::: Data block

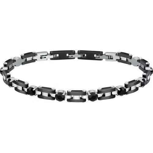 BRACCIALE UOMO MORELLATO COLLEZIONE URBAN. Bracciale in acciaio lucido con elementi trattati in PVD nero alternati con cristalli neri diametro 5mm. Misura 21,5cm. accorciabile a 18.5 cm. Chiusura a scatto. Peso: 33 gr. Certificato di autenticità e Scatola Originale Morellato.
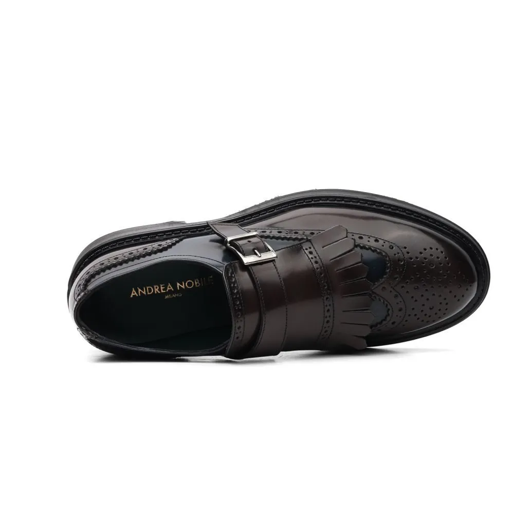 Spazzolata effetto specchioCalzatura artigianale Made in Italy modello Monk Strap o anche conosciuta come “Mono Fibbia”, caratterizzata dall’applicazione della mascherina con frange che unisce il cinturino regolabile con fibbia metallica.
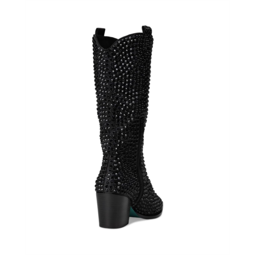Add some bling to the classic cowboy boot style with the Blue by Betsey Johnson Randy western boot. Whether you're heading to a country concert, a festival, or just looking to make a statement, these sparkly boots are a perfect choice. This snip toe pair has a mid-calf profile with allover studded design and side zipper for easy entry.
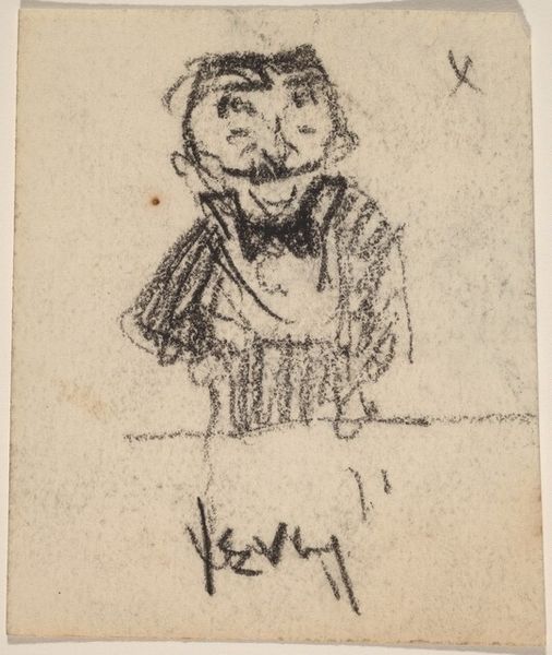 Gerrit Willem Dijsselhof created this caricature of two Amsterdam characters with graphite. The stark contrast between the dark, dense lines forming the figures and the bare paper amplifies the expressiveness of the sketch, drawing our attention to the exaggerated features of the subjects. Dijsselhof's emphasis on line and form over realistic representation introduces us to structuralist ideas. The drawing uses simplified shapes to convey the essence of its subjects. Note how lines are not merely outlines but carriers of expression, defining the mood and character of each figure. The use of stark black and white flattens the image, reducing depth and emphasizing the artificiality of the representation. By isolating and exaggerating certain physical traits, Dijsselhof invites us to question how we construct identity and meaning through visual signs. This piece, with its raw execution and focus on essential forms, remains a compelling example of how structural elements can communicate complex cultural insights. The drawing's caricature form does not simply mimic reality but actively interprets and reshapes it.

::::::

- Exercise requirements: Everything in the material except the pictures should be restated word for word.

- Answer space:
 BRACCIALE UOMO MORELLATO COLLEZIONE URBAN. Bracciale in acciaio lucido con elementi trattati in PVD nero alternati con cristalli neri diametro 5mm. Misura 21,5cm. accorciabile a 18.5 cm. Chiusura a scatto. Peso: 33 gr. Certificato di autenticità e Scatola Originale Morellato.
 Spazzolata effetto specchioCalzatura artigianale Made in Italy modello Monk Strap o anche conosciuta come “Mono Fibbia”, caratterizzata dall’applicazione della mascherina con frange che unisce il cinturino regolabile con fibbia metallica.
Add some bling to the classic cowboy boot style with the Blue by Betsey Johnson Randy western boot. Whether you're heading to a country concert, a festival, or just looking to make a statement, these sparkly boots are a perfect choice. This snip toe pair has a mid-calf profile with allover studded design and side zipper for easy entry.
 Gerrit Willem Dijsselhof created this caricature of two Amsterdam characters with graphite. The stark contrast between the dark, dense lines forming the figures and the bare paper amplifies the expressiveness of the sketch, drawing our attention to the exaggerated features of the subjects. Dijsselhof's emphasis on line and form over realistic representation introduces us to structuralist ideas. The drawing uses simplified shapes to convey the essence of its subjects. Note how lines are not merely outlines but carriers of expression, defining the mood and character of each figure. The use of stark black and white flattens the image, reducing depth and emphasizing the artificiality of the representation. By isolating and exaggerating certain physical traits, Dijsselhof invites us to question how we construct identity and meaning through visual signs. This piece, with its raw execution and focus on essential forms, remains a compelling example of how structural elements can communicate complex cultural insights. The drawing's caricature form does not simply mimic reality but actively interprets and reshapes it.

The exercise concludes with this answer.